Fujitsu brings internal security expertise to Australian market in cloud, managed security services push

Service provider Fujitsu Australia will leverage its long-term investment in local cloud-computing capabilities and deeply embedded security skills to build out a local Security Operations Centre (SOC) in support of an aggressive push into Australia's burgeoning managed security services (MSS) that will also leverage the company's domestic cloud capabilities to bring new hosted security services to market.

Announced at the Fujitsu World Tour 2015 conference in Melbourne this week, the repositioning exercise will see the company branding its range of security services – predominantly delivered to the company's largely high-end and government clientele – under a new practice called Fujitsu Security Services (FSS).

FSS will see the company's 47-strong internal security team – based at the SOC in the Sydney suburb of Homebush – engaging with new clients outside the company's traditional scope of works, which has been focused on government and high-end corporate clients.

“We have always had a degree of professional services, but have never taken them to market,” CISO and FSS manager Brendan Smith told CSO Australia.

“We're going to be spending more time going out and delivering security as a distinct service rather than just as a little bit of a contract.
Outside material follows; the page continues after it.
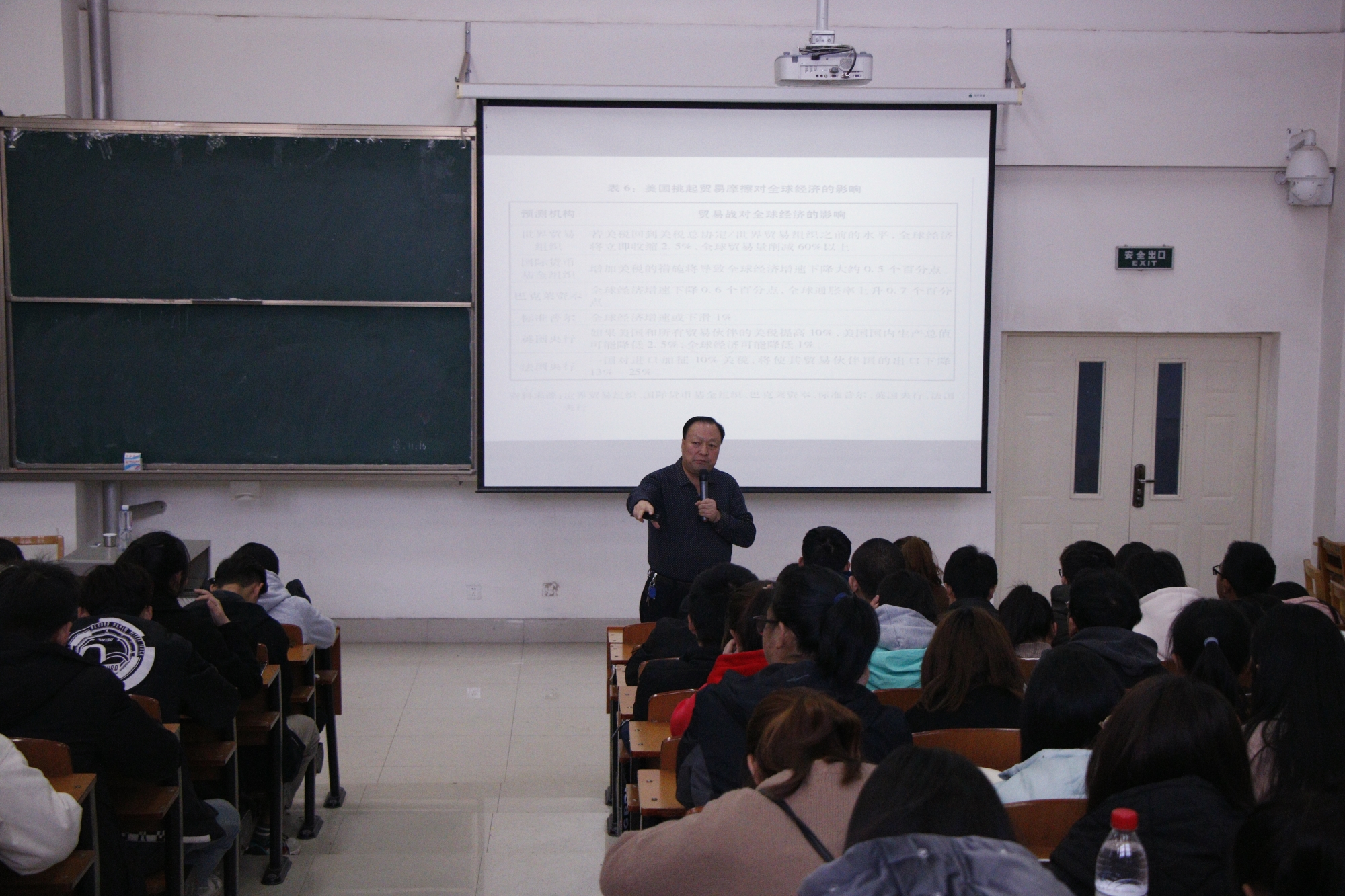 17日,王教授首先详细地讲解了什么是中美贸易摩擦,接着就美方发动中美贸易摩擦的原因、中国对待贸易摩擦的态度和从世界变局大国博弈中看中美贸易摩擦等方面做了详细的讲解,引发同学们对中美贸易摩擦这一问题的深度思考。最后,王教授提出“展望未来,中美两国贸易摩擦依然还是和而不同、斗而不破”的观点。18日,巩教授从中美贸易战的时代背景、原因、前世今生、坚决反对美国贸易霸凌四个方面进行了深入浅出地讲解,加深了同学们对中美贸易现状的理解和认识。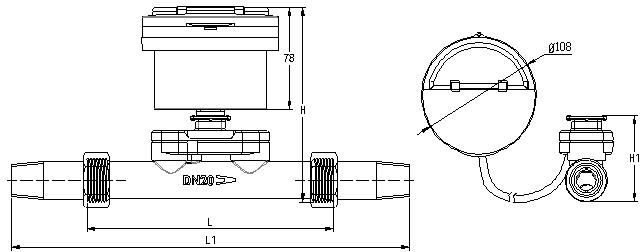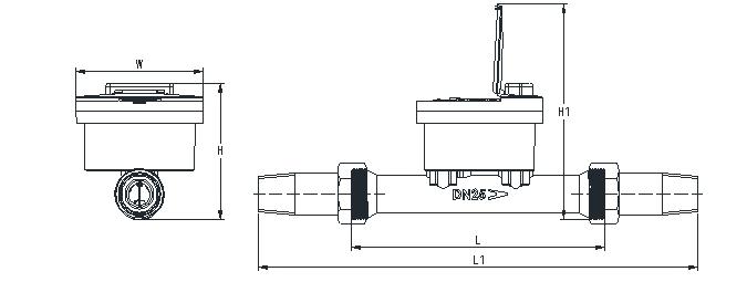 T90熱水表DN15~DN40外形尺寸

Whereas in the past we have been very focused on infrastructure security, now we're doing more of the intelligence side of securit".

The newly empowered security team will also draw on cross-functional capabilities by drawing on the expertise of business units such as Fujitsu's application team and its broad range of products, such as the Palmsecure/Biometrics scanners used in Fujitsu contracts with immigration authorities around the world.

The Australian FSS operation joins similar business units in the US, UK, Ireland and Japanese markets, which have also pushed into the MSS market as part of the company's Global Security Initiative.

Yet Fujitsu Australia's “very strong service heritage” is quite different to its businesses overseas, Smith said, noting the company's strong product focus in Japan, its defence strength in the UK, and its focus on telecommunications infrastructure in the US market.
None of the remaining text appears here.